Putin Calls for Strong Role in Caucasus

BAKU, Azerbaijan President Vladimir Putin said Tuesday that Moscows military presence in the Caucasus was vital to regional stability and offered to mediate between Azerbaijan and Armenia over disputed Nagorno-Karabakh.

Putin pledged to be a guarantor of any agreement between the nations over the ethnic Armenian region in Azerbaijan and signed documents outlining future cooperation between Moscow and Baku in finance, politics and the use of the Caspian Sea.

"The situation in the world is such that Russias military presence in the Caucasus is still necessary," Putin told a joint news conference after more than two hours of talks with Azeri leader Heidar Aliyev.
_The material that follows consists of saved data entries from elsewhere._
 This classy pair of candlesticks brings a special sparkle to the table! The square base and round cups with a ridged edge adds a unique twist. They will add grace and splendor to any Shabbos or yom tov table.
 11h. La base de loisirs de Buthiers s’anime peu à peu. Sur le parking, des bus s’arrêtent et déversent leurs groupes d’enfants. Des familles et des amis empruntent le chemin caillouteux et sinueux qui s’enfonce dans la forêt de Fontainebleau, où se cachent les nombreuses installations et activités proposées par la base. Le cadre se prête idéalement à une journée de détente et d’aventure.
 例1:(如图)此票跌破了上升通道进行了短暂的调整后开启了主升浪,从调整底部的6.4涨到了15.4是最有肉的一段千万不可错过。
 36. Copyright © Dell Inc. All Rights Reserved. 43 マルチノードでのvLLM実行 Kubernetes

The two presidents signed the Baku Declaration, described as a pact designed to guide their countries relations in the future, as well as seven other economic and political documents.

"This document guides us to a new level of cooperation. We should make the level of our strategic partnership higher," Aliyev said of the declaration.
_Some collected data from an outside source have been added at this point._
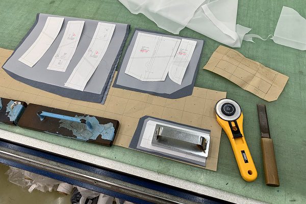 生地を切ることを裁断とよんでいます。裁断する人を裁断マンと呼んでいます。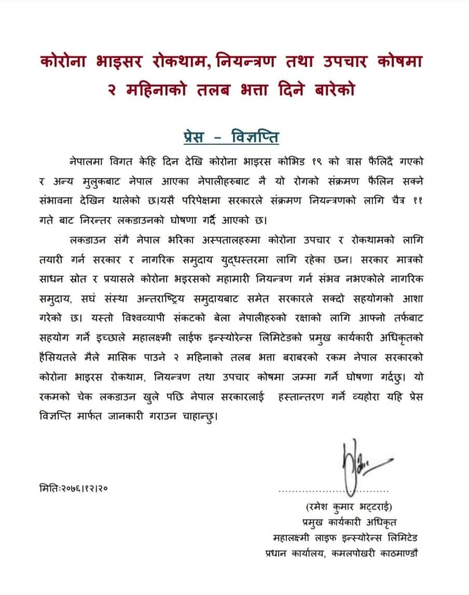 काठमाडौं । महालक्ष्मी लाइफ इन्स्योरेन्स कम्पनीका प्रमुख कार्यकारी अधिकृत रमेश कुमार भट्टराईले कोरोना भाइरस रोकथाम, नियन्त्रण तथा उपचार कोषमा दुई महिनाको तलब भत्ता दिने घोषणा गरेका छन् । उक्त भाइरसको कारण देश लकडाउनको अवस्थामा रहेको छ । विश्वव्यापी संकटको अवस्थामा नेपालीहरुको रक्षाका लागि आफ्नो तर्फबाट आफ्ले सकेको सहयोग गर्न लागेको जनाएका छन् ।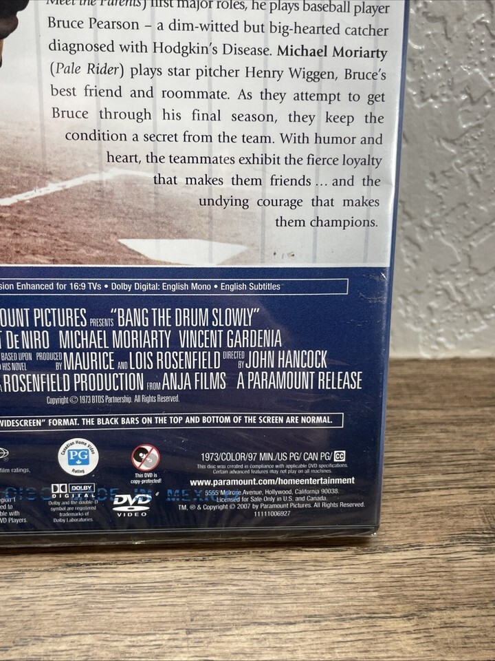 - Bang the Drum Slowly DVD Baseball Movie Robert DeNiro Michael Moriarty KG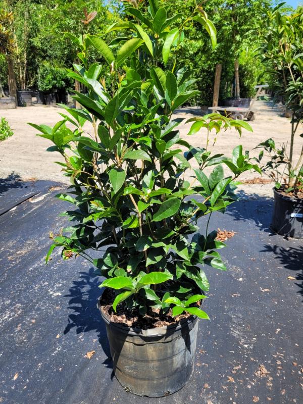 Growing to a height of 10 to 15 feet, this shrub can be easily shaped through pruning, making it versatile for various landscape designs. Its glossy, dark green leaves provide year-round interest, contributing to a lush and vibrant garden aesthetic.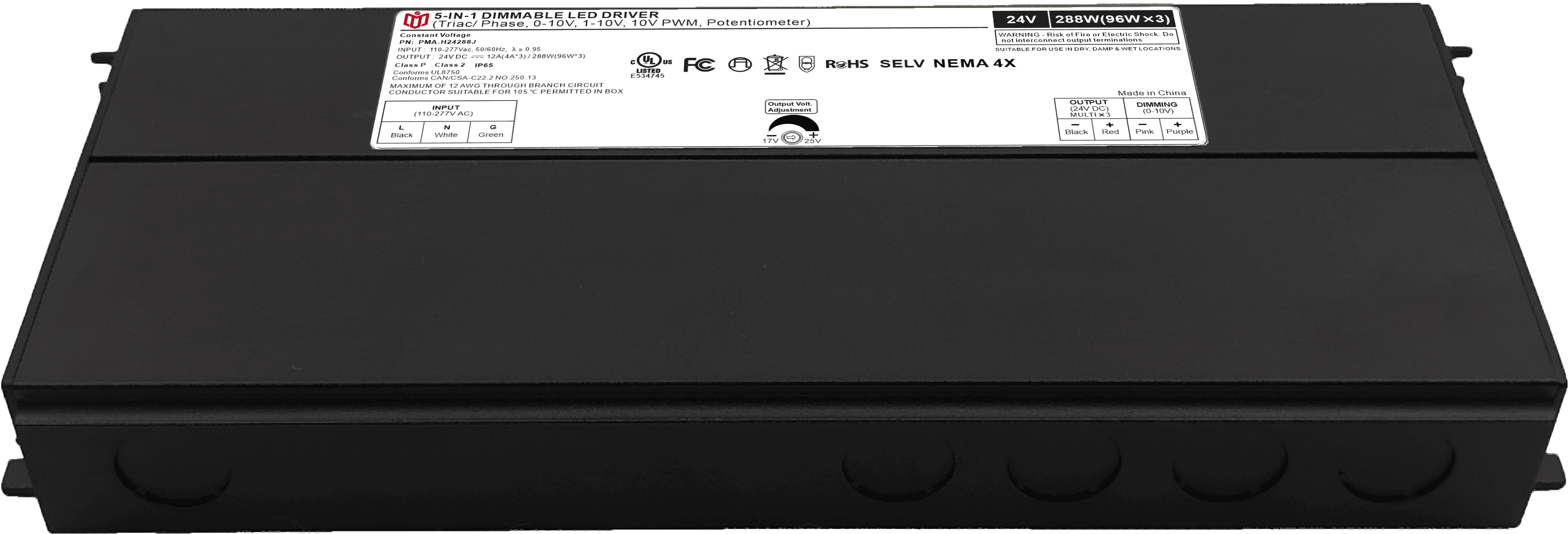 Item number: PMA-24288J,PMA-48288J, Type: Constant Voltage Dim: Triac/0-10V/1-10V/10V PWM / Potentiometer Output Method: PWM Input Voltage: 110-277V Output Voltage: 24V/48V PF: ≥0.9 Efficiency: ≥91% Warranty: 5 years. Protection: short circuit,overload,over-temperature, Certificate: UL list Brand: DEMI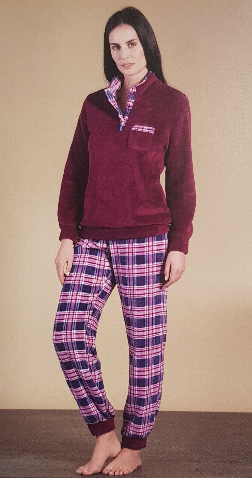 Pigiama Donna invernale in Pile LINCLALOR CORAL con polsini e pantalone con elastici.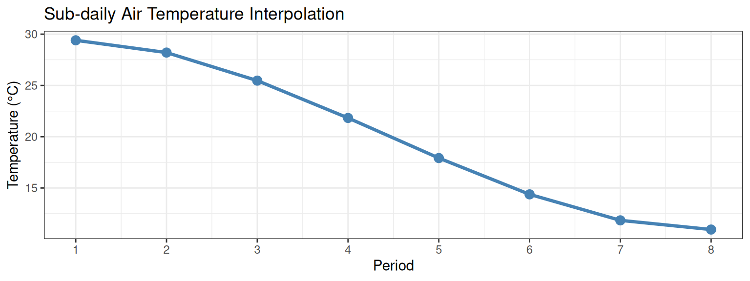 Daily thermal time is calculated using sub-daily interpolation with three-hourly thermal time values. Air temperature is interpolated from daily maximum and minimum using the three-hourly air temperature interpolation method, and the thermal time response is applied at each three-hour interval, then aggregated to give the daily total: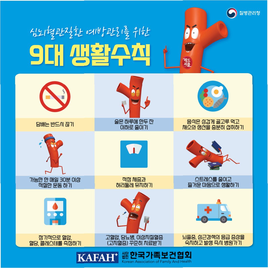 A.흡연은 혈관을 손상시키고 혈전 생성을 촉진하여 심뇌혈관 질환 발생 위험을 높입니다. 과도한 음주는 혈압을 높이고 심장 기능을 저하시킬 수 있습니다. 금연과 절주는 건강한 혈관을 유지하기 위한 필수 조건입니다.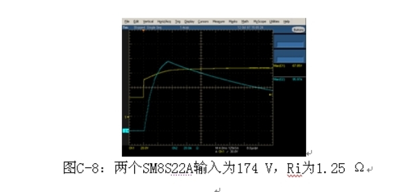 至少,兩個串聯(lián)的SM5S22A箝位負(fù)載突降電壓輸入為174 V,線路電阻為2 Ω,而SM6S22A或SM8S22A具有更低的箝位電壓和更低的線路電阻。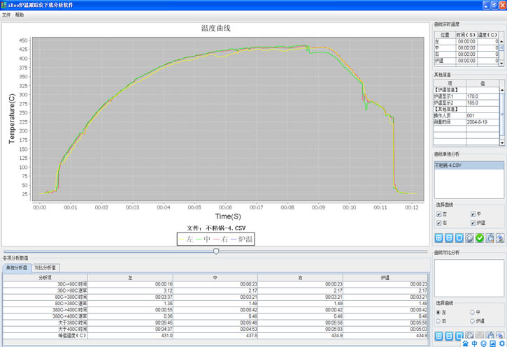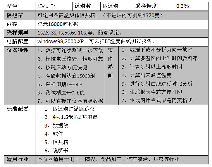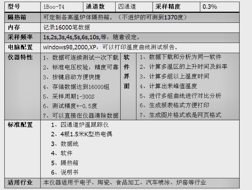 爐溫跟蹤儀ib00-4是一款高精度、高穩定性的爐膛溫度測試記錄產品,填補了國內溫度采集領域的空白,該系統還配有功能強大的軟件分析系統,將采集到的溫度值進行數據保存,上位機軟件分析系統進行功能溫度與長度、時間、產品功能等參數的同步分析處理。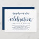 Moderno Rústico, convite temático Azul-Marinho Script (com título do cartão: Celebração Feliz para Sempre). É perfeito para o seu casamento íntimo / recepção de celebração pós-casamento. Adicione seus detalhes em fonte / letra preta correspondente.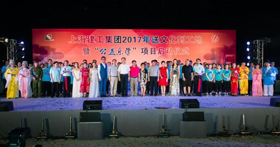 集团2017年送文化到工地暨“公益乐学”项目启动仪式7月28日晚在集团浦东国际机场卫星厅项目部举行。上海市总工会宣教部部长陈必华,市工人文化宫主任侯伟康,上海机场建设指挥部党组副书记、机关党委书记徐萍,集团党委副书记、工会主席张立新等出席。 张立新表示,集团工会以“送文化到工地”的形式,为一线建设者送上一台由职工自导自演的慰问演出,既是对劳动者、劳动美的致敬和礼赞,更是维护一线建设者精神文化权益、推进职工文化建设的具体举措。希望通过“公益乐学”等项目的启动,全面唱响“劳动最光荣”的时代主旋律,更好地服务企业发展,服务一线职工。 来自各基层单位的80多名职工带来方言说唱《城市建设排头兵》等9个精彩节目。集团各单位工会主席、浦东新区祝桥镇有关部门领导以及500余名建设者代表参加。演出结束后,还在工地现场放映了露天电影,得到一线建设者的欢迎与好评。

The two leaders also signed a document aimed at the eventual drawing of economic borders in the oil-rich Caspian Sea, which is still not demarcated 10 years after the collapse of the Soviet Union.

One of Putins main foreign policy drives has been to reinforce ties with Russias neighbors and cement Moscows influence in the Commonwealth of Independent States.
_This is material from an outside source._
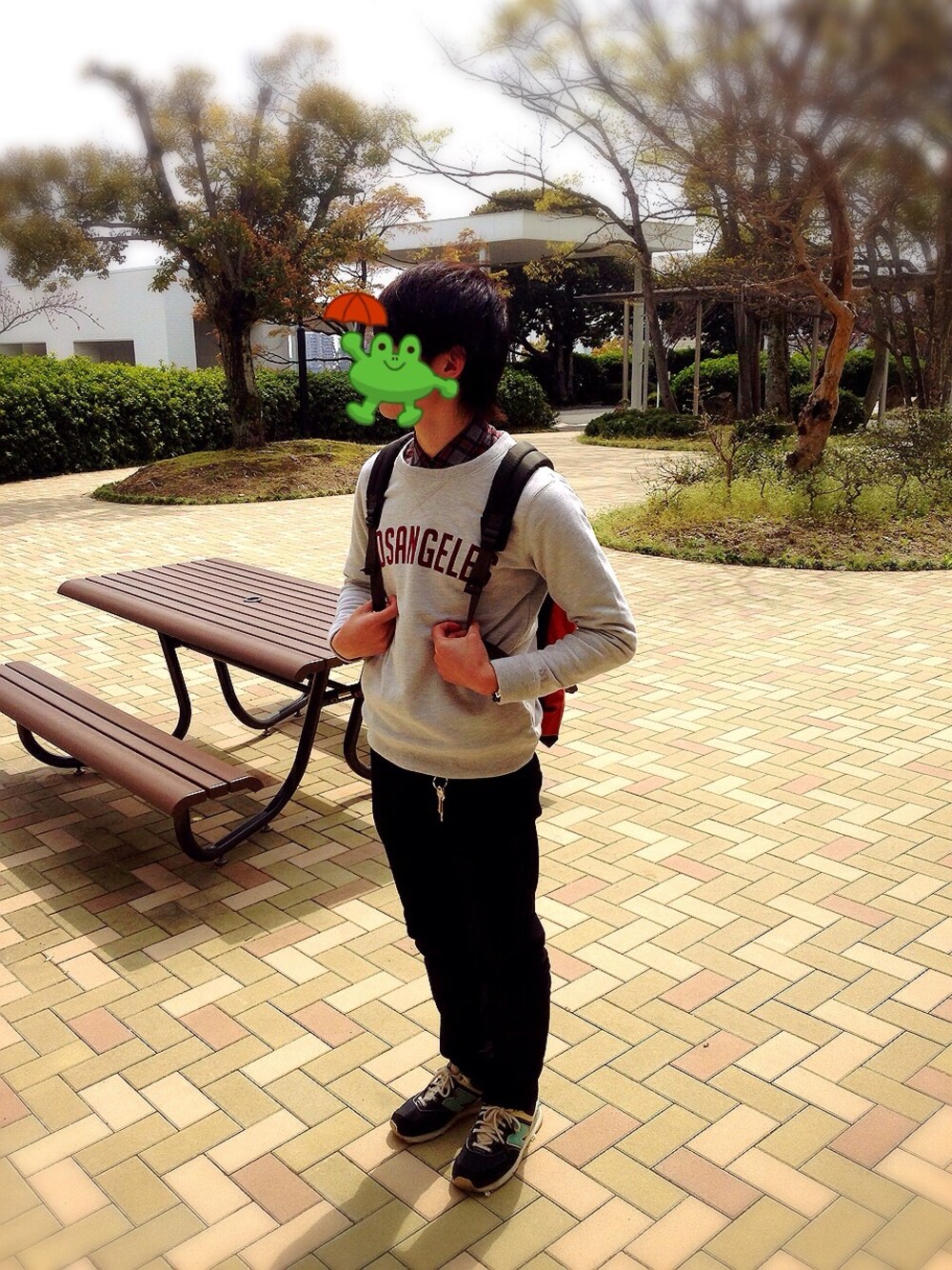 キャンパスライフをラフな格好で。 スウェットに黒スキニーをあわせてみました。(^o^)/

Moscow-Baku relations are generally good but have been tinged with Azeri suspicion that Russia favors Armenia in a long-running and bitter struggle over Nagorno-Karabakh.

Some 35,000 people have died in a conflict that erupted after the regions mainly Armenian population tried to secede from Azeri rule in 1988. A 1994 cease-fire ended the fighting, but talks have not yet produced a peace pact.

"Russia will promote its efforts as a mediator and is ready to be a guarantor of agreements on this issue," Putin said. "We should strive for a stable situation in the Caucasus."

The Azeris have often viewed Moscows involvement in the conflict with suspicion and Aliyev has criticized Russia for supplying Armenia with millions of dollars worth of arms.

Putin rejected these allegations and said the transfer of Russian arms to its military bases in Armenia was under a Russian-Georgian agreement on the withdrawal of Kremlin troops from Georgia.